Jiang Xiaoyu scowled. “Don’t got it.” He was a cat; of course he didn’t understand.
Chen Yiqu paused, giving him a meaningful look. “You’re filthy-looking enough, but how are you this dumb too? I taught you and you still can’t do it? If you can’t, get out and don’t come back in the house.”
“Which house cat mops floors?!” Jiang Xiaoyu meowed indignantly. “Who? WHO?!” Fur bristling in fury, he slammed both paws on the rag. What he meowed was, It’s me! Me!
Holding his breath, he dragged the rag across the floor. Then the old butler picked at the smell on him as an excuse. Jiang Xiaoyu slammed his paws down hard, comforting himself inwardly: Endure it, endure. If he messed this up, the mission would really be toast.

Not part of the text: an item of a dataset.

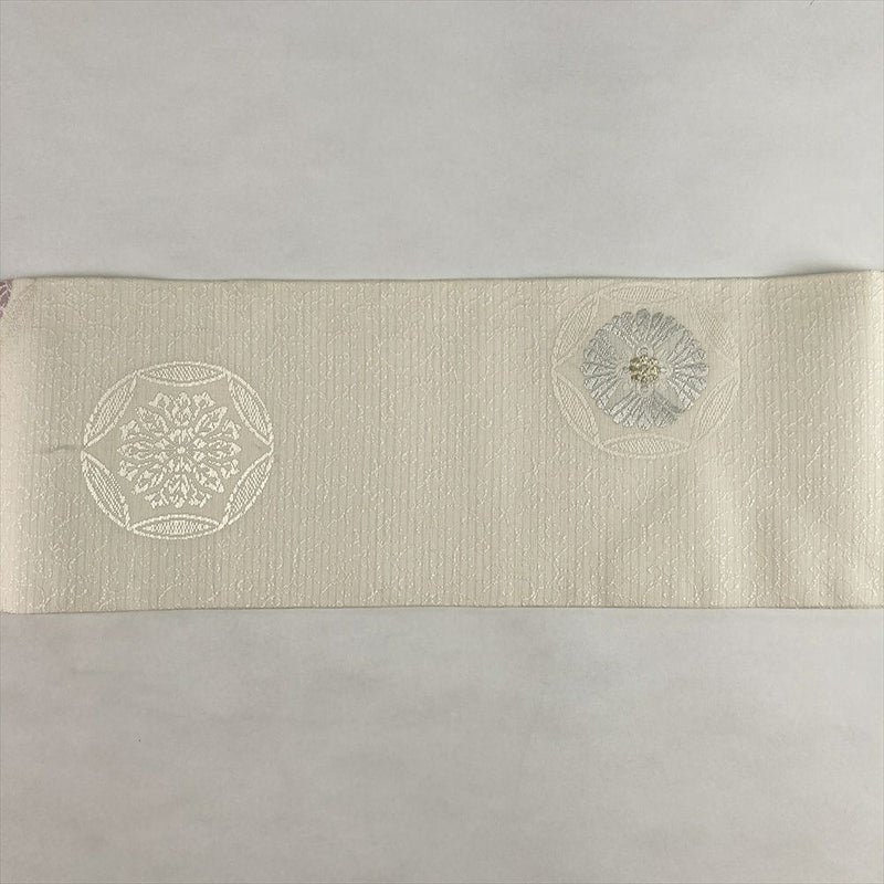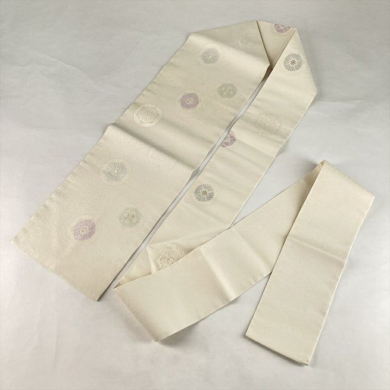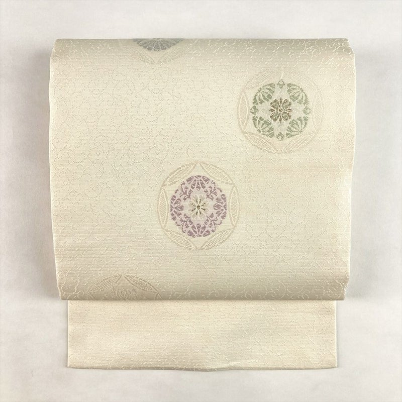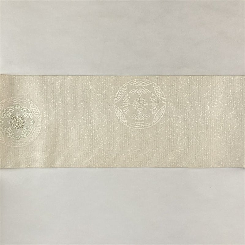 (中古)名古屋帯 白 カジュアル 名古屋仕立て 織り 唐草 有職文調 絹

Chen Yiqu observed the cat’s expressions too, worried he’d push too far and scare it off, depriving Sir of his entertainment. Seeing good tolerance, he nodded curtly. “Alright, not bad today. I’ll get you a reward.”
And so Jiang Xiaoyu glowered as the man dumped an oversized can of dog food in front of him. “Eat up.”
No way was he eating it, but Jiang Xiaoyu figured he could stash it to feed the dog later. Still stone-faced, he nudged the can; it rolled off with a clatter toward the courtyard.
Chen Yiqu raised his phone and stealthily snapped the scene, sending it to Ye Lian.
The next day, Jiang Xiaoyu slacked off a bit. After breakfast at the mountain base and a breeze, he returned to the mid-mountain, shifted form, and sneaked to the yard’s edge. No sooner had he poked his head out than the elusive old butler blocked him. “Go on, keep catching rats.”
Jiang Xiaoyu was incredulous. “Aren’t they all caught?” He’d wandered the garage yesterday for ages and seen nothing else besides that not-rat-looking thing.
Ignoring him, the old butler muttered to himself, “Aigh, where are all these rats coming from?”
Down in the garage, Jiang Xiaoyu cornered a plump guinea pig and bellowed skyward in rage. “You meow-fucking call this a rat?”
Chen Yiqu, hunkered in the Monitoring Room, cleared his throat. He admitted it was a stretch. No real rats available, so he’d bought these from the pet store and tossed them in. They were all rodents, all in the muridae family—how weren’t they rats? They were rats! He schooled his face into stern righteousness.
Jiang Xiaoyu bared his furry fangs in curses, yapping more that morning than in a year as a human. “Bastard turtle egg, whose pet cage broke and let ’em loose?!” Fur exploding, he caught one after another. As he stuffed one into a cage, he heard a car entering the garage.
“Little kitty, what are you doing here?” The driver opened the car door for Ye Lian, who asked in apparent surprise.
Jiang Xiaoyu hurriedly slammed the cage door shut, twisted his body around, and meowed at him: “Where have you been?” It seemed like he hadn’t seen him for the past few days.
Ye Lian smiled faintly, fine lines crinkling attractively at the corners of his eyes. “Have you eaten lunch yet, little guy?”
“No.” Jiang Xiaoyu replied, then nudged the cage with his head to signal for him to look.
Ye Lian bent down. “Did you catch it? How are you so awesome, little cat?”
If Jiang Xiaoyu were in human form right now, his fair neck would probably be flushed pink, but since he was in cat form, he meowed shamelessly without restraint: “Not bad. My professional rat-exterminating record is verifiable.”
Laughter bloomed in Ye Lian’s eyes. He gestured for the driver to pick up the rat cage and beckoned to Jiang Xiaoyu. “Come here. I’ll take you to lunch.”
After struggling for many days and catching a messy pile of those freakish rats, Jiang Xiaoyu had finally stepped through the gates of the Ye Residence.